作文自动评分(AES)是教育领域中应用自然语言处理(NLP)技术的重要研究方向之一, 其旨在提高评分效率, 增强评价的客观性和可靠性。针对主题相关性缺失和长文本信息丢失问题以及预训练语言模型BERT不同层次能够提取不同维度特征的特点, 提出一种基于主题感知和语义增强的作文自动评分模型。该模型采用多头注意力机制提取作文的浅层语义特征并感知作文主题特征, 同时利用BERT的中间层句法特征和深层语义特征增强对作文语义的理解。在此基础上, 融合不同维度的特征并用于作文自动评分。实验结果表明, 该模型在公共数据集ASAP的8个子集上均表现出了显著的性能优势, 相比于通义千问等基线模型, 其能够有效提升作文自动评分性能, 平均二次加权的卡帕值(QWK)达到80.25%。

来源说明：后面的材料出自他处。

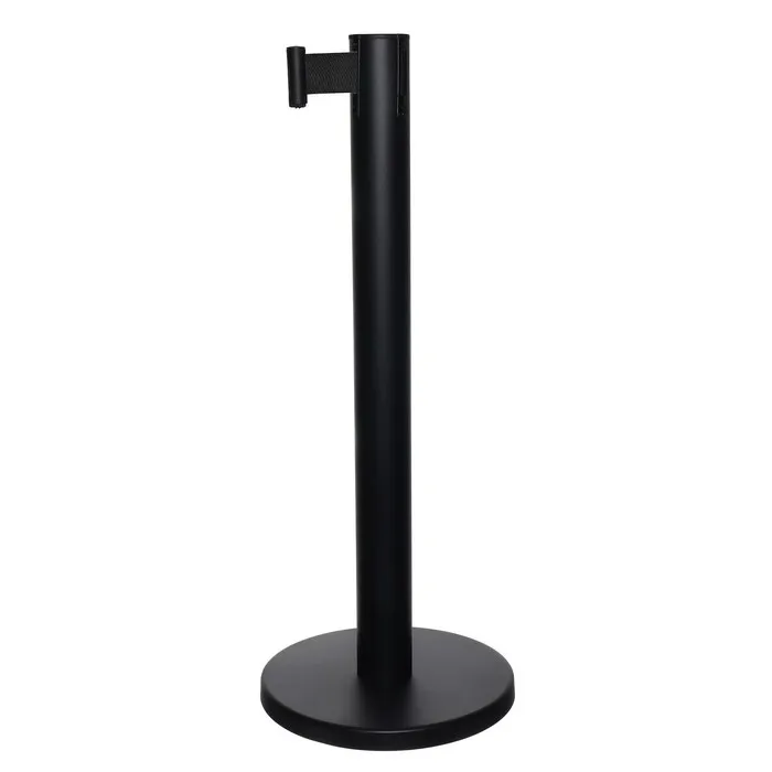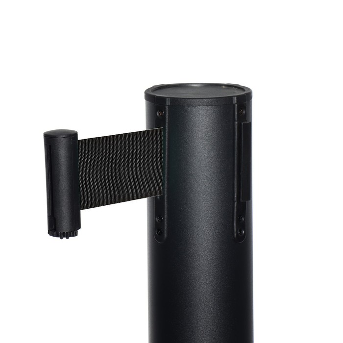 Стойка ограждения чёрная, с чёрной вытяжной лентой 280 см, высота 90 см, d=6 см, напольный d=32 см
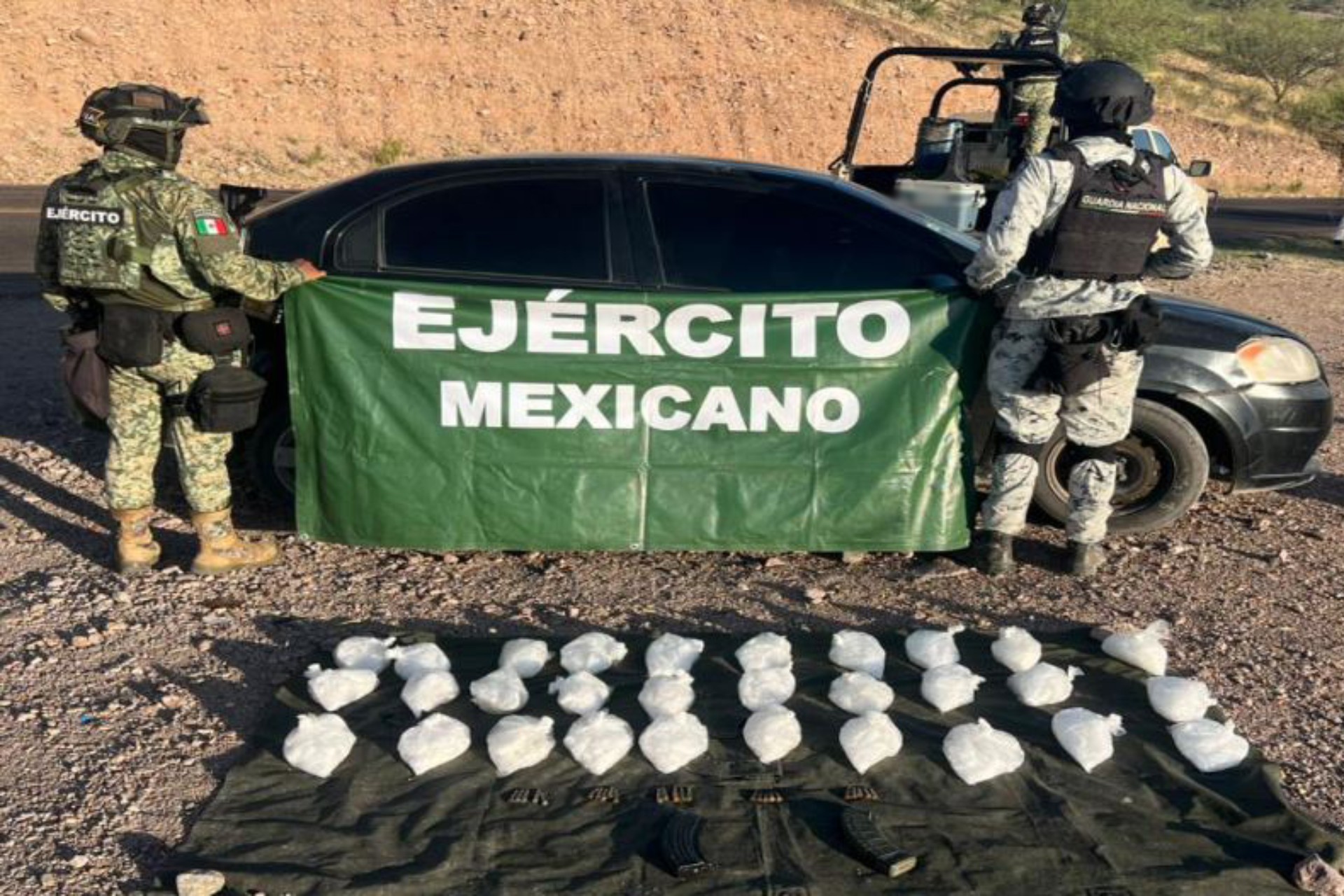 En Nogales, Sonora, guardias nacionales y Ejército mexicano localizaron un vehículo vinculado, asegurando un total de 15 kilos de metanfetamina, con un costo aproximado de 4.1 millones de pesos
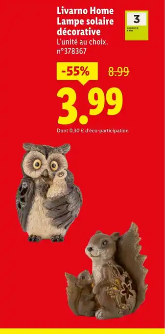 En plus de l'offre LIVARNO HOME Lampe solaire décorative, Lidl propose une large gamme de produits. Consultez le Catalogue Lidl hebdomadaire pour découvrir les meilleures offres et promotions. En plus de LIVARNO HOME Lampe solaire décorative, il y a aussi : LIVARNO HOME Lampe solaire décorative, Livarno home lampe solaire décorative - hibou & Lampe décorative mix.
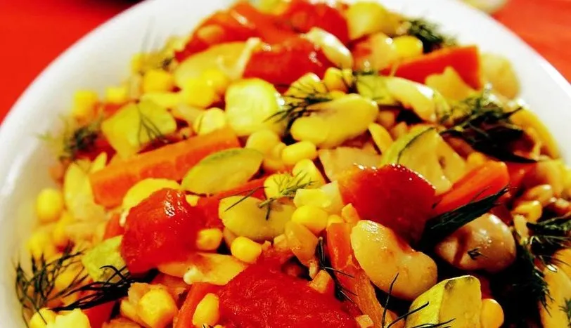 BAKLAYI kaynar suda 2-3 dakika haşlayıp süzün. Soğuk sudan geçirip, dış kabuklarını elinizle temizleyin. Zeytinyağını derin bir tencerede kızdırın. Kıyılmış soğan ve sarmısağı ekleyip soteleyin. Küp doğranmış kabak ve mısırı ilave edip karıştırın. Tencerenin kapağını kapatıp, 10 dakika dinlendirin. Üzerine küp doğranmış domates ve baklayı ekleyin. 5-10 dakika daha pişirip, tuz ve karabiberini ayarlayın. Ocaktan alın ve tencerenin kapağını açmadan ılınmaya bırakın. Ilık olarak, kızartılmış yufkalarla birlikte servis yapın.
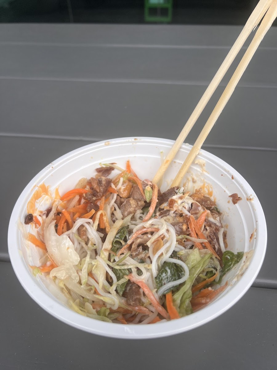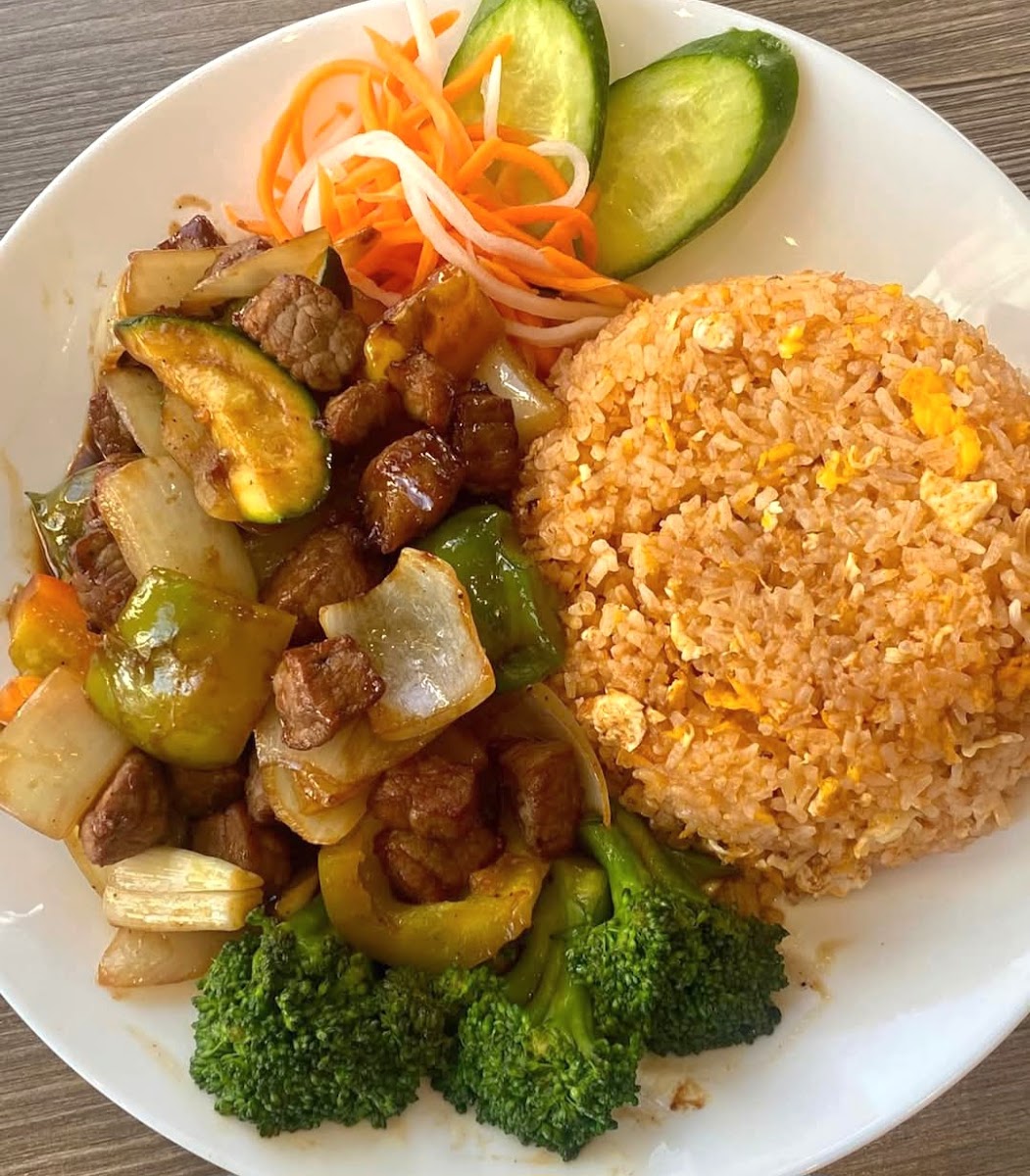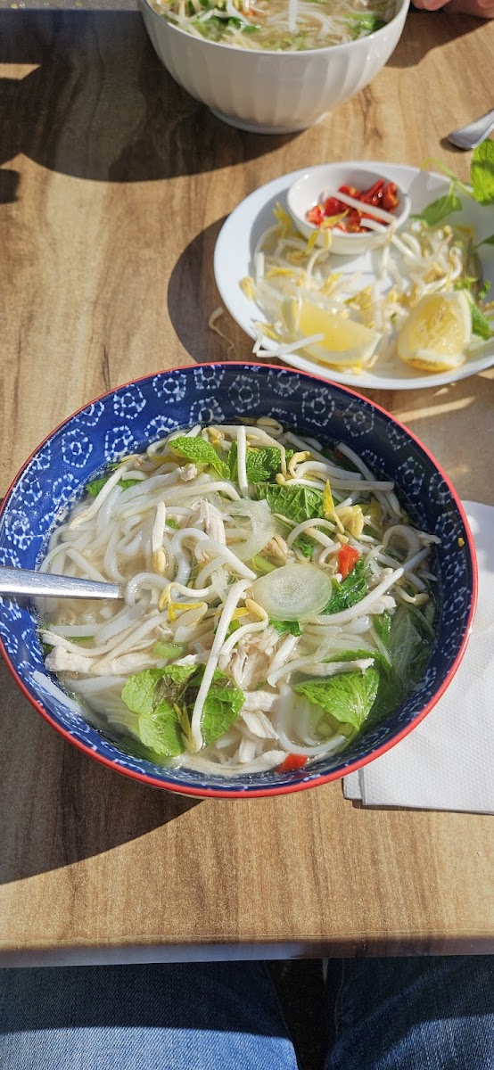 The real draw here is the pho—both the chicken and the sliced rare beef versions stand out for their clean, fragrant broths and fresh ingredients, staying true to traditional Vietnamese flavors. Beyond pho, the menu features a variety of fried rice dishes and a handful of sweet treats like banana bread and muffins, adding options for those who want a little variety or a simple dessert to finish.
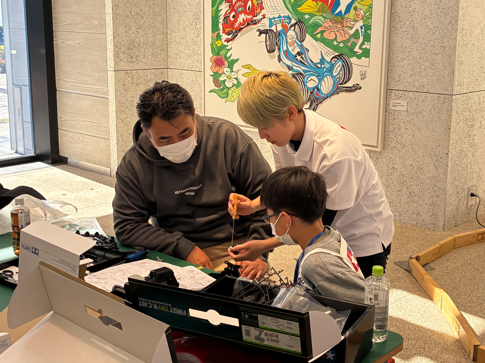 「トライ!!タミヤRCスクール」をTAMIYA PLAMODEL FACTORY TOKYOで開催しました。RCオンロードカー「ライキリ(ファーストトライRCキット) (TT-02シャーシ)」の組み立てから基本走行まで、インストラクターが丁寧にサポート。参加されたみなさんは、楽しくRCカーを完成させました。
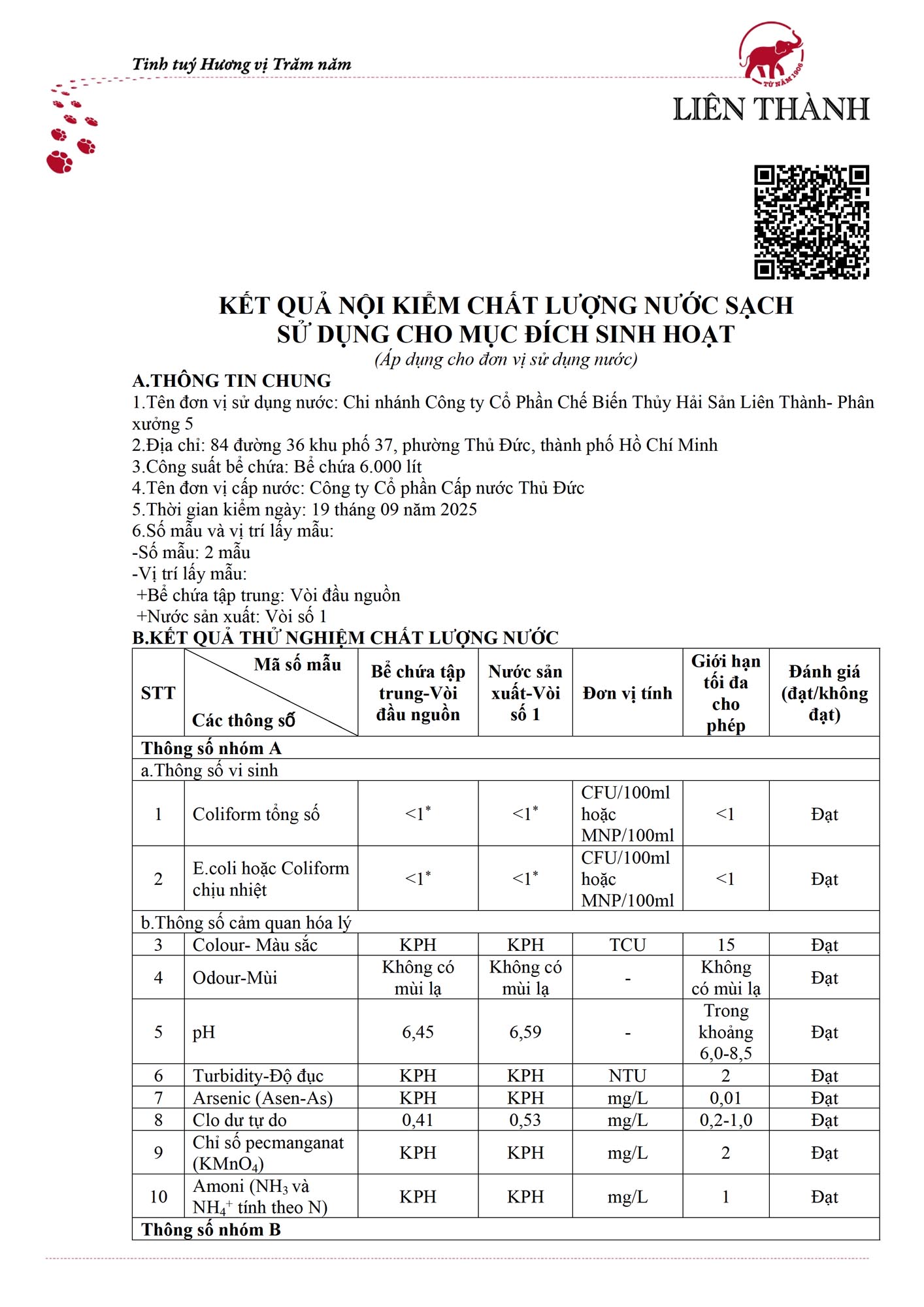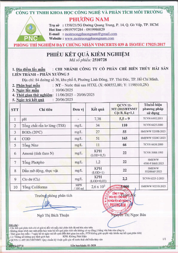 KẾT QUẢ KIỂM NGHIỆM NƯỚC THẢI (THÁNG 6/2025) CHI NHÁNH CÔNG TY CỔ PHẦN CHẾ BIẾN THỦY HẢI SẢN LIÊN THÀNH – PHÂN XƯỞNG 5 11 September, 2025
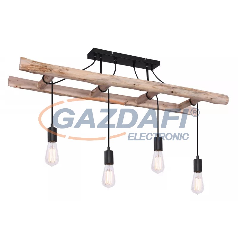 Mennyezeti lámpa fém fekete váz, natúr fa létra, fekete fém drót búrák, HxSzxM: 1150x300x800, fényforrás nélkül 4xE27 60W 230V
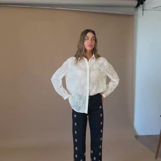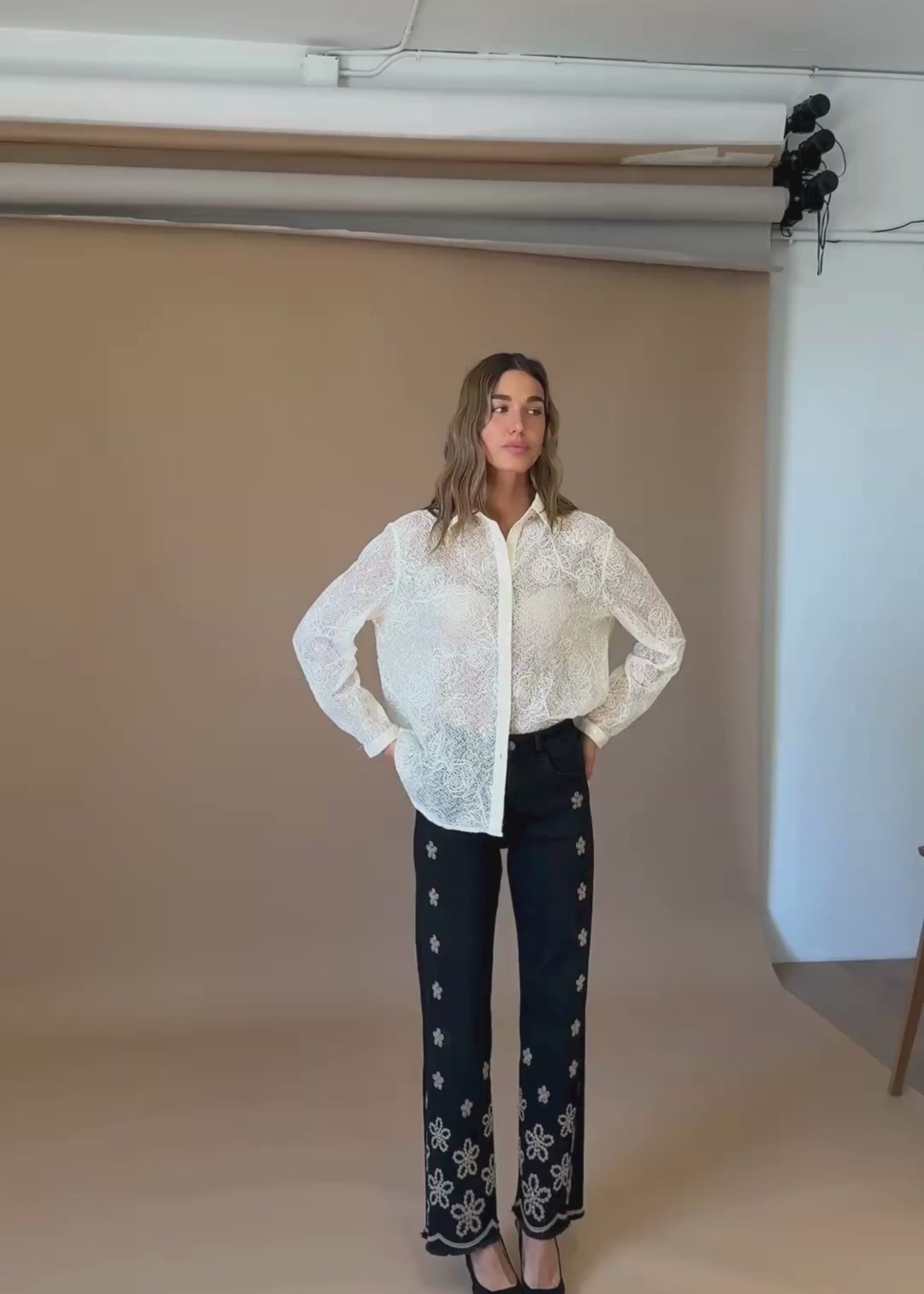 Camisa con cuello solapa y manga larga acabada en puño abotonado. Cierre frontal con botones. Tejido semi-transparente con entramado de hilo, bordados florales y aplicación de lentejuelas a tono. Bajos asimétricos.
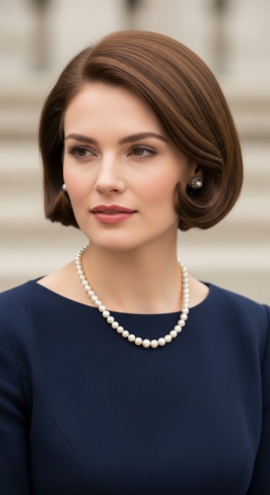 Why It’s Elegant: This contemporary bob features a dramatic angle—shorter in back, gradually longer in front—creating a sleek, elongating effect. The long front pieces can be styled to frame the face or tucked behind ears for versatility. The angled cut is both modern and timeless when executed with precision.
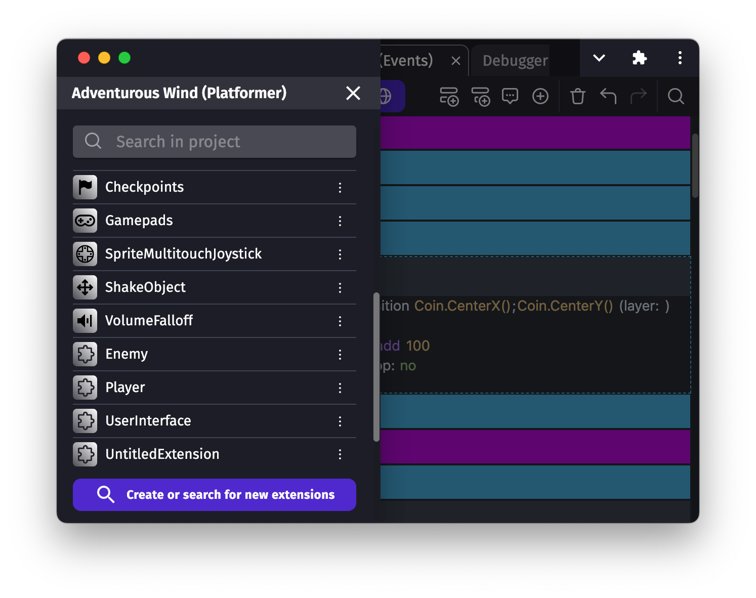 Finding new behaviors, conditions, actions or expressions for your game in GDevelop is easy. In the Project Manager, click on Create or search for new extensions:
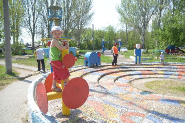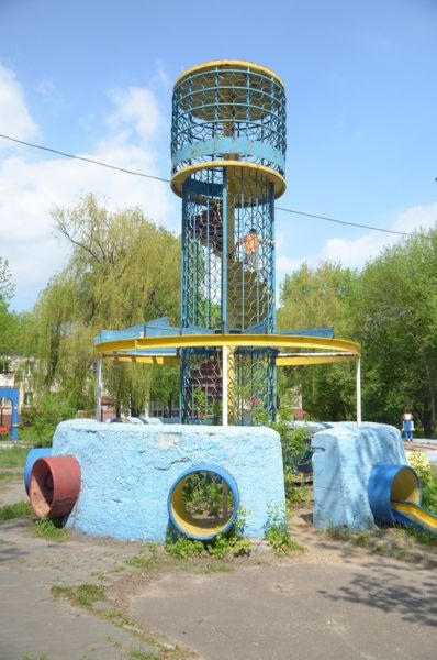 Житель Донецка прошелся по Путиловке, чтобы вы увидели все своими глазами . Детская площадка, построенная в 1970-х, в разгар увлечения всего Советского союза космосом, на соответствующие мотивы .

关键词: 作文自动评分, 语义增强, 主题感知, 特征融合, 预训练语言模型

Abstract:

Automatic Essay Scoring (AES) is an important research topic for the application of Natural Language Processing (NLP) technology in the field of education. AES aims to improve scoring efficiency and enhance the objectivity and reliability of evaluations. This study proposes a topic perception and semantic enhancement approach for AES, addressing the issues of missing thematic relevance and loss of information in long texts, as well as leveraging the different levels of feature extraction capability in the pre-training language model, Bidirectional Encoder Representations from Transformers (BERT). This approach utilizes a multi-head attention mechanism to extract shallow semantic features of an essay and perceive its thematic characteristics. Additionally, it leverages the mid-level syntactic and deep semantic features of BERT to enhance the understanding of the semantics of the essay. Finally, the fused features from different dimensions are used for the AES. Experimental results indicate that the proposed model exhibits significant performance advantages for eight subsets of the ASAP public dataset. The proposed model effectively improves the performance of AES compared to that of baseline models, such as Qwen-7B; its average Quadratic Weighted Kappa (QWK) is 80.25%.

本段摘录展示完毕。